Work instruction —
Each record must be returned exactly, apart from the pictures, which stay out.

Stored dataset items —
● ● ● ● ● ● ●

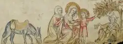 Die Flucht nach Ägypten ist eine Erzählung aus der Kindheit Jesu, die im Matthäusevangelium und außerkanonischen Evangelien überliefert ist (Mt 2,13 ). Der Flucht wird als einer der Sieben Schmerzen Mariens im katholischen liturgischen Kalender am 15. September gedacht.[1] Der Rückkehr der heiligen Familie aus Ägypten wurde ausweislich überlieferter Martyrologien spätestens seit dem 9. Jahrhundert am 7. Januar gedacht.[2]
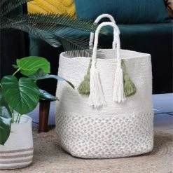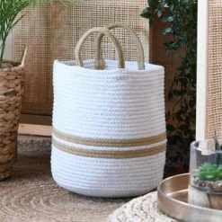 Stof Paniers Et Corbeilles Panier Beige Et Blanc En Jute Et Coton
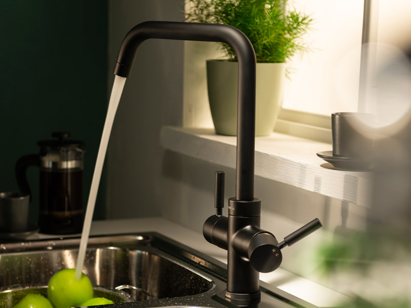 PRODUCT – Answering growing demand for 24/7 convenience that is practical and beautiful, the Pronteau 4 IN 1 Propure Monobloc Quad is seen here in an industrial-style Matt Black finish. Available in five on trend finishes and two spout designs, this 4 IN 1 kitchen tap is a must for the design and time conscious. The steaming hot water is delivered via a two-stage safety handle and with cold filtered drinking water on tap as well as the domestic hot and cold supply you truly have everything you need packaged up in a sleek design that sits proudly in an array of kitchen styles.
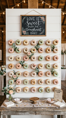 A white shiplap doughnut wall piled with glazed treats is charming, fun, and totally Pinterest-worthy.
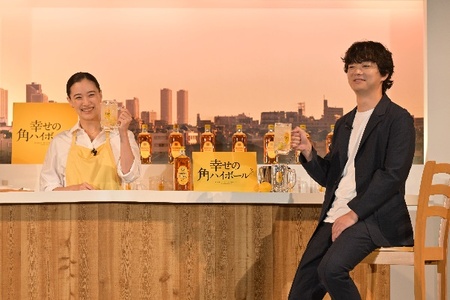 蒼井さん「幸せの角ハイボール」づくりにチャレンジ!染谷さん「蒼井さんの心のこもった一杯、とても美味しいです。まさに“幸せ時間”ですね」と感動!
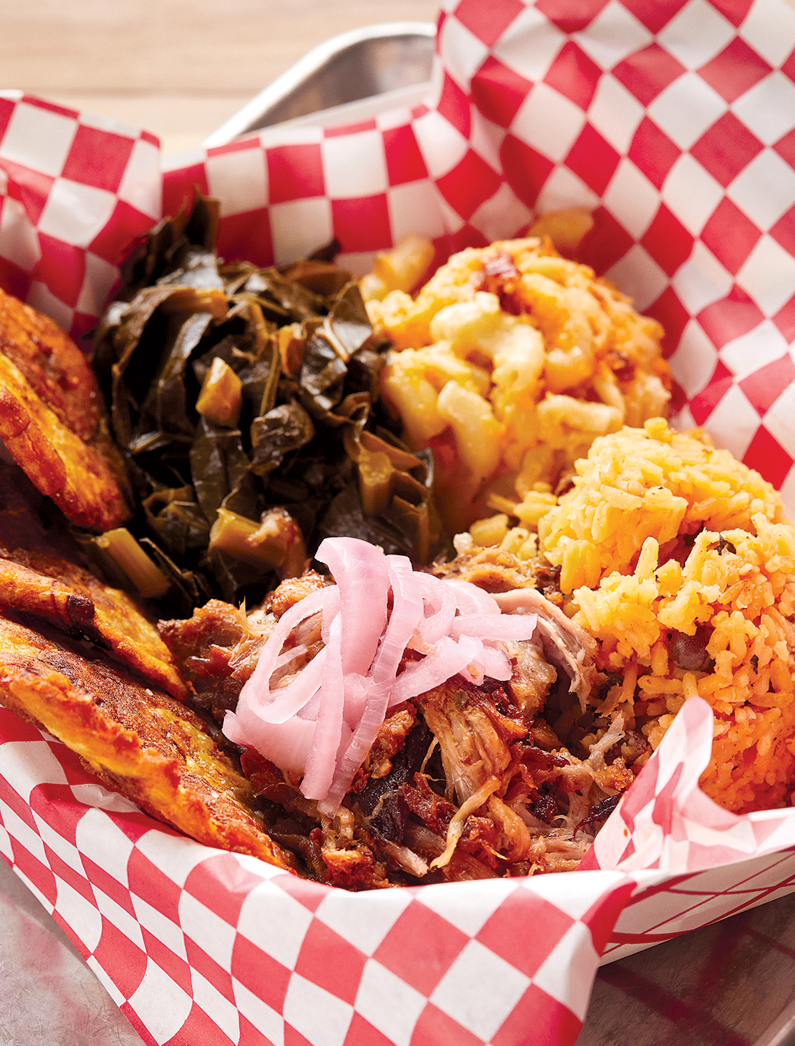 Take the Boricua Soul Bowl: A glossy heap of collards huddles next to a tangle of shredded pork — though this isn’t the eastern-style barbecue it appears to be. It’s slow-roasted Puerto Rican pernil, topped with quick-pickled red onions. A scoop of mac ’n’ cheese fits comfortably beside a scoop of arroz con gandules, a Puerto Rican staple of rice speckled with pigeon peas. Crunchy, salty tostones — slices of green plantain, smashed and fried twice — look like bursts of sunshine atop a platter that shines light on a nuanced story of the South, rooted in Black foodways and cross-cultural influences.
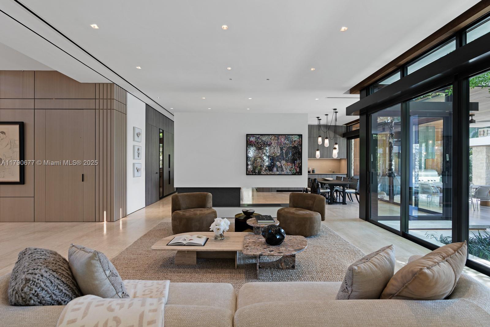 GOLDEN BEACH SEC D PB 10-10 LOT 26 & S35FT OF LOT 27 BLK J LOT SIZE 85.000 X 165 OR 13484-0661 1187 1 COC 21713-1922 09 2003 1 Glamour in Golden Beach! Masterfully designed, this 2025 residence sets a new benchmark in waterfront modernism. Hand-placed stone, iroko wood, and clear glass interlace a 100-year olive tree. The grand foyer achieves 24' heights highlighting Italian oak-paneled walls that lead to a sophisticated salon. Curated by Fanny Haim, the worldly interiors include a travertine bar in the bespoke media lounge, and stylized fireplaces & drapery throughout. The exceptional MiaCucina kitchen revolves around a bright breakfast area. An architectural staircase arrives to the primary suite’s dual dressing rooms and spacious marble bath enhanced by an upstairs library. A theater, office, gym, elevator & staff room complete the home. The resort pool shines with a cabana, Summer Kitchen, new dock + seawall.
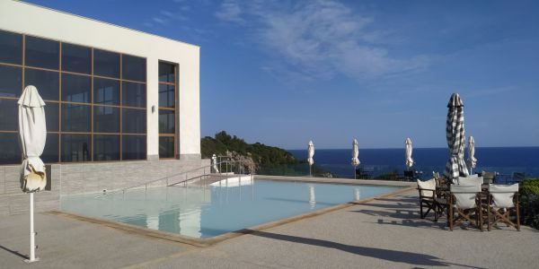 Unsere selbstorganisierte Biketour führte uns zum Agia Paraskevi Thermal Spa in Loutra, etwa 30 Kilometer südlich von unserem Wohnort Possidi. Wir fuhren den Hinweg über den Bergkamm, sodass wir hier den Großteil der Zeit und Energie für brauchten. Der Ausblick war die Anstrengung aber wert, und die Wärme des Spas tat dann erst richtig gut.
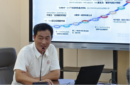院长陈智奇从学院历史沿革、专业学科、课程与团队、师资队伍、学科方向等方面对广东工业大学吃瓜网每日大赛今日榜单进行详尽介绍,强调学院积极承办全国及广东省大学生数学竞赛等学科竞赛,以此为抓手推进大学数学等公共数学课程教学改革,进一步推动学院教育教学改革和发展。
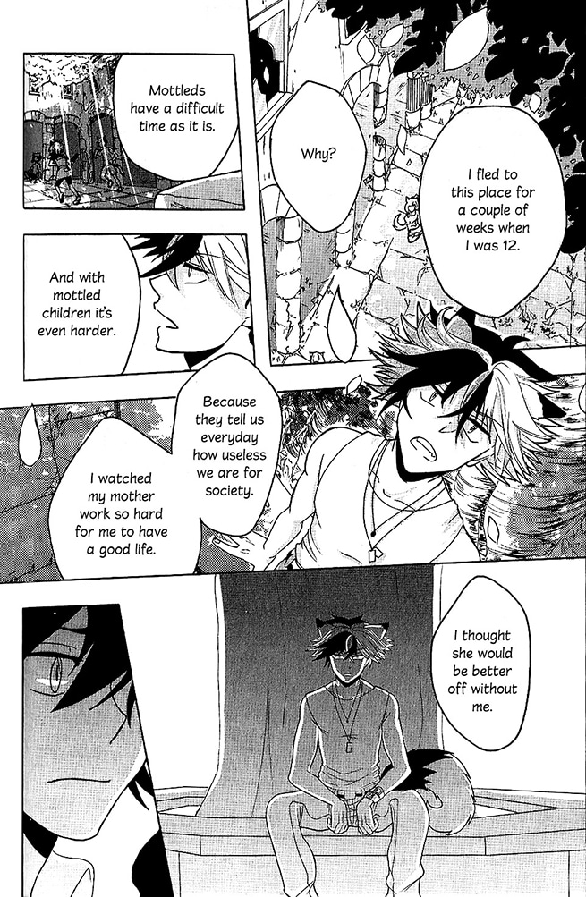 Amongst Cat People, those who have three or more fur colors are considered to be of the lowest social class. One day, when the phone of a so-called “mottled” named Alik - with precarious pictures, falls into pureblood Tavis’ hands, his curiosity is piqued. He plunges into Alik’s world which is a lot more exciting and colorful than anything he’s ever known before.
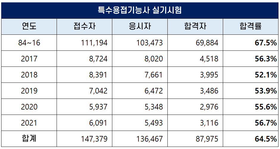 1984년부터 2021년까지 역대 특수용접기능사 실기 평균 합격률은 64.5%인데요. 최근 5년간은 합격률이 낮아져 50%대 합격률을 보이고 있습니다.
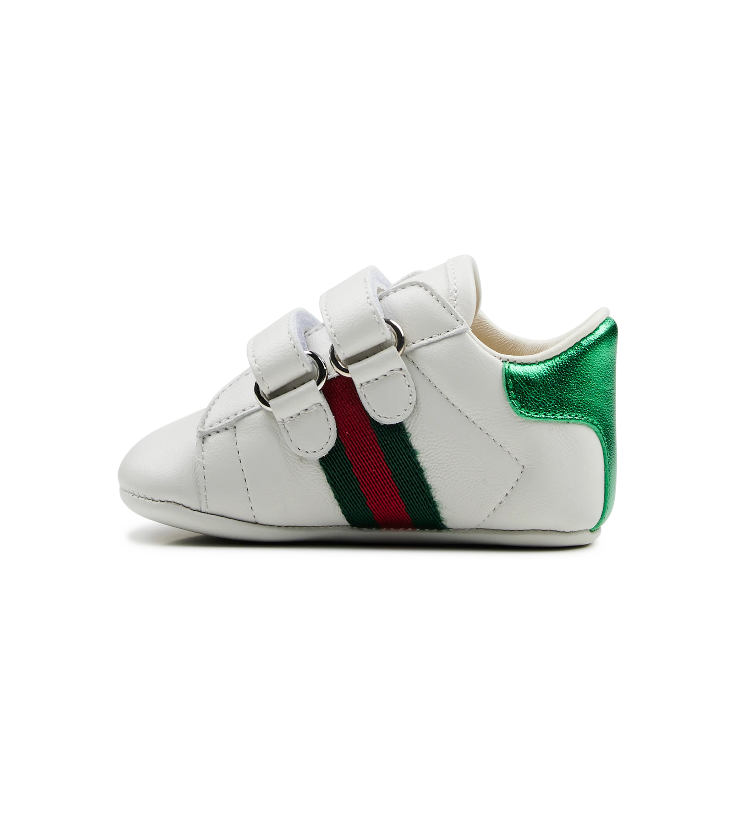 A House icon, reimagined for little feet. This baby-sized version of the Ace sneaker features smooth white leather, the classic green and red Web stripe, and signature metallic heel tabs - red on one shoe, green on the other.
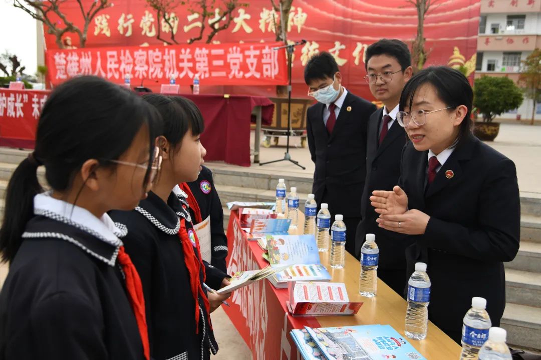 为切实推动普法强基补短板专项行动走深走实,增强广大群众“学法、懂法、守法、用法”意识,楚雄州检察院积极探索“党建+普法”工作模式。连日来,楚雄州检察院第三党支部深入学校、社区等地开展多维度精准普法。
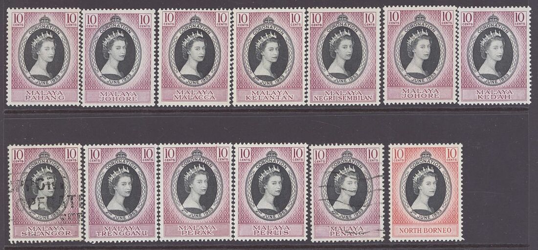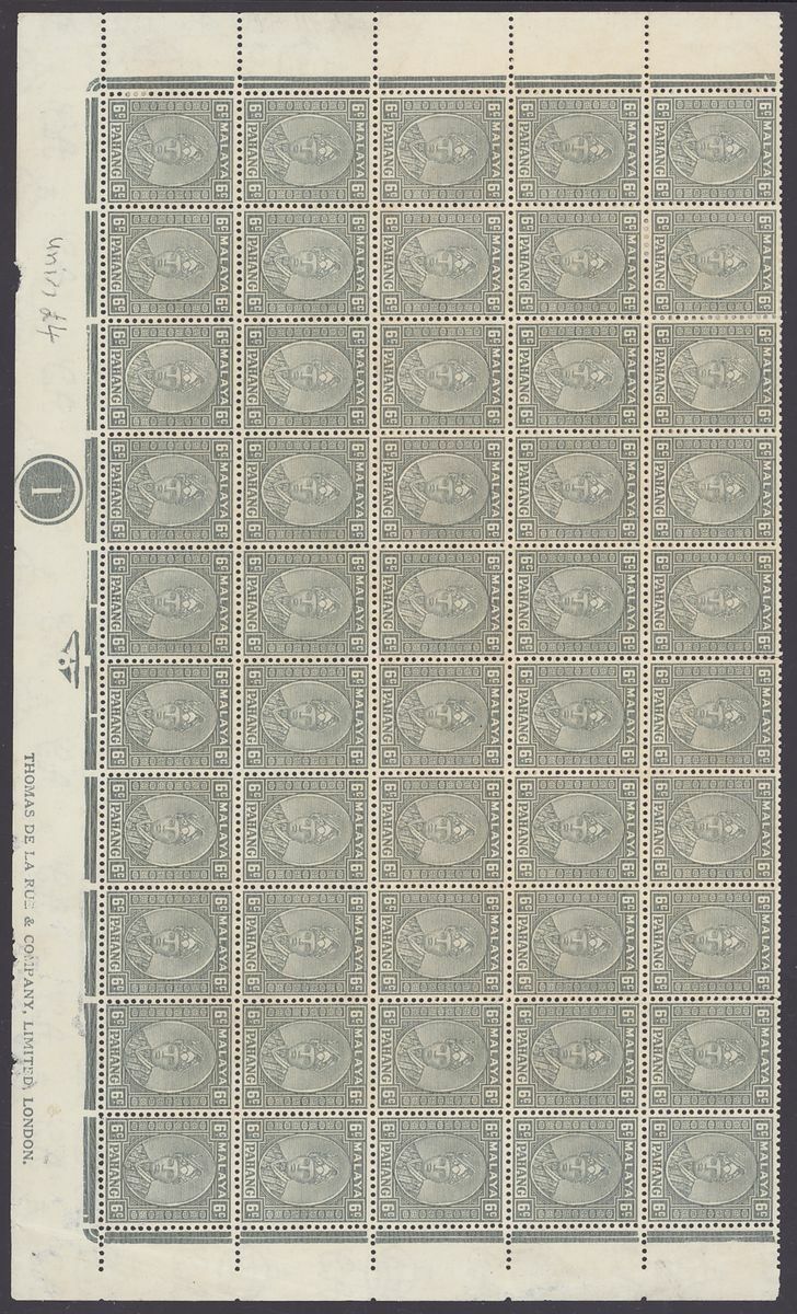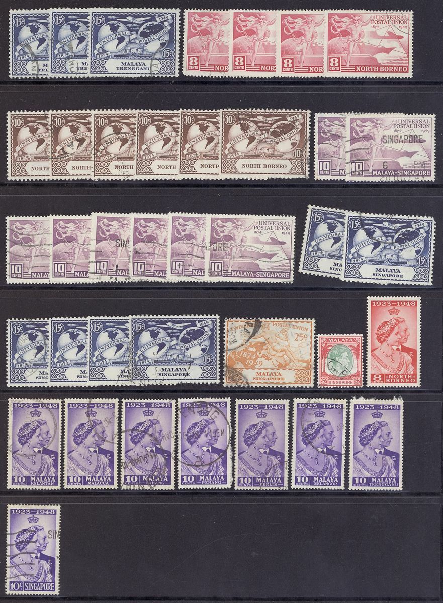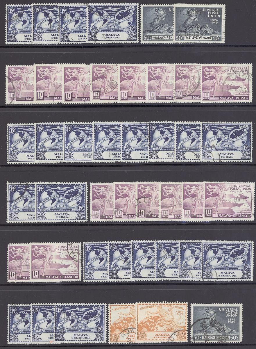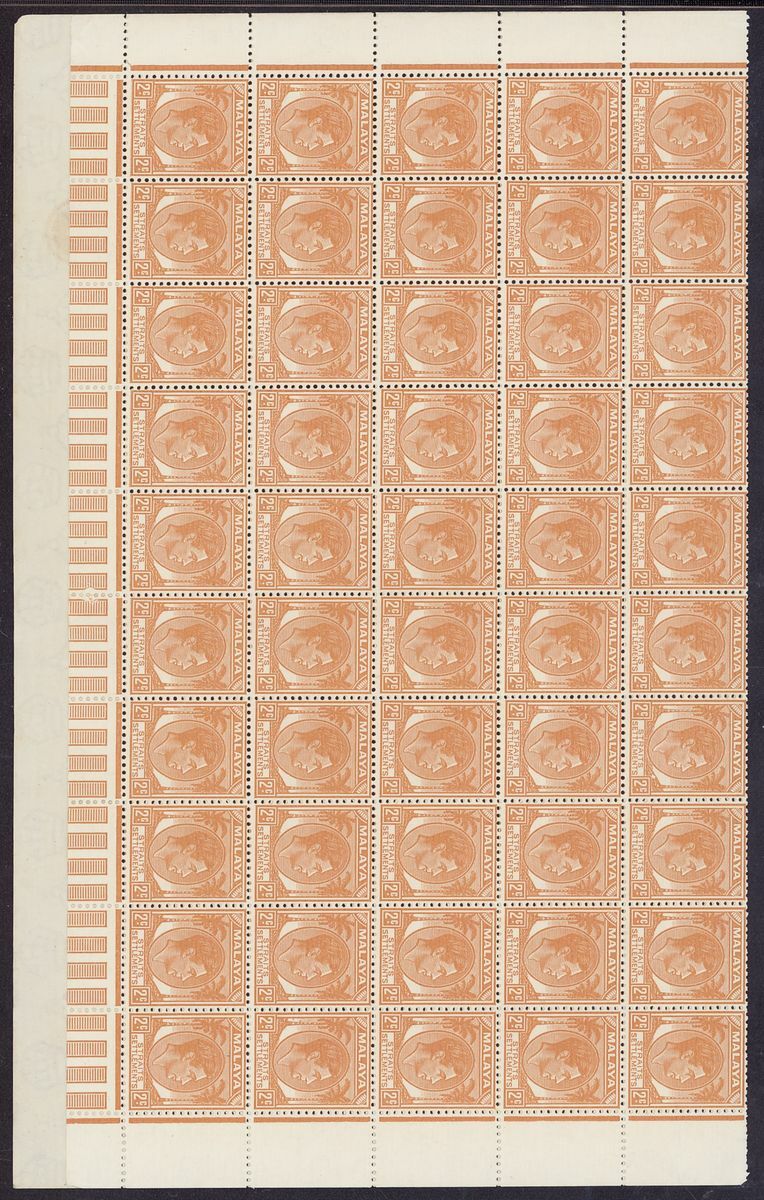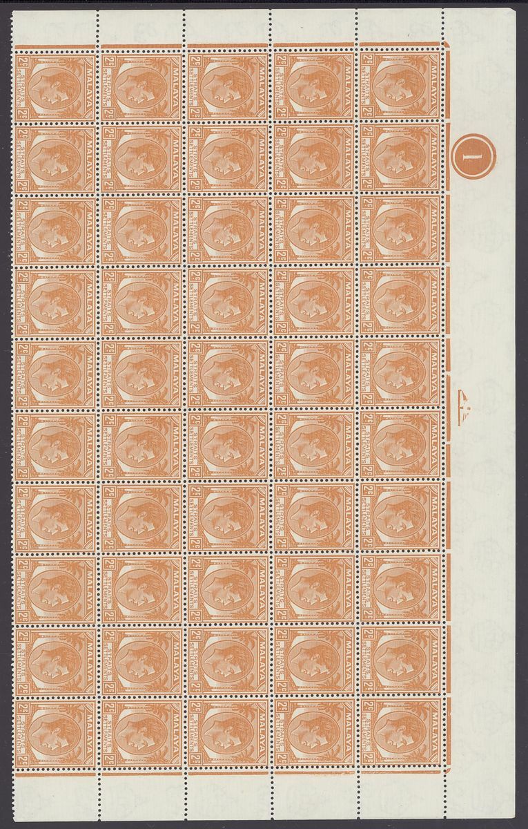 A small collection comprising Straits Settlements 1912-23 $25 fiscally used, 1937-41 2c. complete sheet and plate block of fifty, Federated Malay States 1922-34 $5 used, Malaya Postal Union Postage Due values including 1936-38 4c. green, 8c. scarlet pair, 10c. yellow-orange, 12c. corner marginal, 50c. and 1945-49 15c. mint, Johore Postage Due set, Pahang 1935-41 6c. plate block of fifty, Perak 1900 surcharges, various values in used blocks of four, States U.P.U. and omnibus values used. Mixed condition though a useful group. S.G. c.£3,000+

● ● ● ● ● ● ●

Response to the exercise —
 Die Flucht nach Ägypten ist eine Erzählung aus der Kindheit Jesu, die im Matthäusevangelium und außerkanonischen Evangelien überliefert ist (Mt 2,13 ). Der Flucht wird als einer der Sieben Schmerzen Mariens im katholischen liturgischen Kalender am 15. September gedacht.[1] Der Rückkehr der heiligen Familie aus Ägypten wurde ausweislich überlieferter Martyrologien spätestens seit dem 9. Jahrhundert am 7. Januar gedacht.[2]
 Stof Paniers Et Corbeilles Panier Beige Et Blanc En Jute Et Coton
 PRODUCT – Answering growing demand for 24/7 convenience that is practical and beautiful, the Pronteau 4 IN 1 Propure Monobloc Quad is seen here in an industrial-style Matt Black finish. Available in five on trend finishes and two spout designs, this 4 IN 1 kitchen tap is a must for the design and time conscious. The steaming hot water is delivered via a two-stage safety handle and with cold filtered drinking water on tap as well as the domestic hot and cold supply you truly have everything you need packaged up in a sleek design that sits proudly in an array of kitchen styles.
 A white shiplap doughnut wall piled with glazed treats is charming, fun, and totally Pinterest-worthy.
 蒼井さん「幸せの角ハイボール」づくりにチャレンジ!染谷さん「蒼井さんの心のこもった一杯、とても美味しいです。まさに“幸せ時間”ですね」と感動!
 Take the Boricua Soul Bowl: A glossy heap of collards huddles next to a tangle of shredded pork — though this isn’t the eastern-style barbecue it appears to be. It’s slow-roasted Puerto Rican pernil, topped with quick-pickled red onions. A scoop of mac ’n’ cheese fits comfortably beside a scoop of arroz con gandules, a Puerto Rican staple of rice speckled with pigeon peas. Crunchy, salty tostones — slices of green plantain, smashed and fried twice — look like bursts of sunshine atop a platter that shines light on a nuanced story of the South, rooted in Black foodways and cross-cultural influences.
 GOLDEN BEACH SEC D PB 10-10 LOT 26 & S35FT OF LOT 27 BLK J LOT SIZE 85.000 X 165 OR 13484-0661 1187 1 COC 21713-1922 09 2003 1 Glamour in Golden Beach! Masterfully designed, this 2025 residence sets a new benchmark in waterfront modernism. Hand-placed stone, iroko wood, and clear glass interlace a 100-year olive tree. The grand foyer achieves 24' heights highlighting Italian oak-paneled walls that lead to a sophisticated salon. Curated by Fanny Haim, the worldly interiors include a travertine bar in the bespoke media lounge, and stylized fireplaces & drapery throughout. The exceptional MiaCucina kitchen revolves around a bright breakfast area. An architectural staircase arrives to the primary suite’s dual dressing rooms and spacious marble bath enhanced by an upstairs library. A theater, office, gym, elevator & staff room complete the home. The resort pool shines with a cabana, Summer Kitchen, new dock + seawall.
 Unsere selbstorganisierte Biketour führte uns zum Agia Paraskevi Thermal Spa in Loutra, etwa 30 Kilometer südlich von unserem Wohnort Possidi. Wir fuhren den Hinweg über den Bergkamm, sodass wir hier den Großteil der Zeit und Energie für brauchten. Der Ausblick war die Anstrengung aber wert, und die Wärme des Spas tat dann erst richtig gut.
院长陈智奇从学院历史沿革、专业学科、课程与团队、师资队伍、学科方向等方面对广东工业大学吃瓜网每日大赛今日榜单进行详尽介绍,强调学院积极承办全国及广东省大学生数学竞赛等学科竞赛,以此为抓手推进大学数学等公共数学课程教学改革,进一步推动学院教育教学改革和发展。
 Amongst Cat People, those who have three or more fur colors are considered to be of the lowest social class. One day, when the phone of a so-called “mottled” named Alik - with precarious pictures, falls into pureblood Tavis’ hands, his curiosity is piqued. He plunges into Alik’s world which is a lot more exciting and colorful than anything he’s ever known before.
 1984년부터 2021년까지 역대 특수용접기능사 실기 평균 합격률은 64.5%인데요. 최근 5년간은 합격률이 낮아져 50%대 합격률을 보이고 있습니다.
 A House icon, reimagined for little feet. This baby-sized version of the Ace sneaker features smooth white leather, the classic green and red Web stripe, and signature metallic heel tabs - red on one shoe, green on the other.
 为切实推动普法强基补短板专项行动走深走实,增强广大群众“学法、懂法、守法、用法”意识,楚雄州检察院积极探索“党建+普法”工作模式。连日来,楚雄州检察院第三党支部深入学校、社区等地开展多维度精准普法。
 A small collection comprising Straits Settlements 1912-23 $25 fiscally used, 1937-41 2c. complete sheet and plate block of fifty, Federated Malay States 1922-34 $5 used, Malaya Postal Union Postage Due values including 1936-38 4c. green, 8c. scarlet pair, 10c. yellow-orange, 12c. corner marginal, 50c. and 1945-49 15c. mint, Johore Postage Due set, Pahang 1935-41 6c. plate block of fifty, Perak 1900 surcharges, various values in used blocks of four, States U.P.U. and omnibus values used. Mixed condition though a useful group. S.G. c.£3,000+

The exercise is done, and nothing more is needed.